- _Exercise_
Please report how many lines in these records contain the string "with", and give nothing besides the number.

::: Data under study

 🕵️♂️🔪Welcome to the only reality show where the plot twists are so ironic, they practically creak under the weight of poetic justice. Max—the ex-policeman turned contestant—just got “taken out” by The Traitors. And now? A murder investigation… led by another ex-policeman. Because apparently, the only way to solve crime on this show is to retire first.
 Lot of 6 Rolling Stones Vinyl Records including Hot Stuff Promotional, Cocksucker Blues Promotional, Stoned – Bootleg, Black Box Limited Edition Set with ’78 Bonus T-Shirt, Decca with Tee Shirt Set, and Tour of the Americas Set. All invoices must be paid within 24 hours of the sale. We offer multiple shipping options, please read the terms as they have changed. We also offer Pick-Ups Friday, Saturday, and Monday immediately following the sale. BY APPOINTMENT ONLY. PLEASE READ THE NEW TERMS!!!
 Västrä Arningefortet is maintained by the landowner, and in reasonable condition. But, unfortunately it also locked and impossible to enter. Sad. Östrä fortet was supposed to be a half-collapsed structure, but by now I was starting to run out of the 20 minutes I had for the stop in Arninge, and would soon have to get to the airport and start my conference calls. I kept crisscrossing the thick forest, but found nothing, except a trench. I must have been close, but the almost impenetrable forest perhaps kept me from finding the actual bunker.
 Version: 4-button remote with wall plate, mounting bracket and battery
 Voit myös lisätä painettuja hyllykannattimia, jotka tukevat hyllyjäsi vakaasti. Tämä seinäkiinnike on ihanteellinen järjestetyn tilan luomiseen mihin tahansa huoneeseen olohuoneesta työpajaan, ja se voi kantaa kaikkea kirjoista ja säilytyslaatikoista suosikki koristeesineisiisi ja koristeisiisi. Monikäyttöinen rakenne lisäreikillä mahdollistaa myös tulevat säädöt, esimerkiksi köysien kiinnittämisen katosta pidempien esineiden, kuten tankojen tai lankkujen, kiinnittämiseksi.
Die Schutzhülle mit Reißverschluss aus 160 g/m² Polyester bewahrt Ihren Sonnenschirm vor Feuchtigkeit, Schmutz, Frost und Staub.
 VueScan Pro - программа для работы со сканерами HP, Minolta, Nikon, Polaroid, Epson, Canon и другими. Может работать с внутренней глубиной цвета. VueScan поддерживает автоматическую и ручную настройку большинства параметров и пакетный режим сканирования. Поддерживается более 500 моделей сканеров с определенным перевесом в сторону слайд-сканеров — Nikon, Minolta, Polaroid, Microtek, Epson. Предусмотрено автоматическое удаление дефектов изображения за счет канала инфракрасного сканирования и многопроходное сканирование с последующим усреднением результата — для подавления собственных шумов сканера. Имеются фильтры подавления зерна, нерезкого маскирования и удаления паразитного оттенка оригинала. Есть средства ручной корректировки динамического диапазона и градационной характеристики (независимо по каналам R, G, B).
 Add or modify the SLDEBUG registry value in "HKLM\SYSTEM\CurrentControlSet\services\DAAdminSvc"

::::::

- _Written answer_
2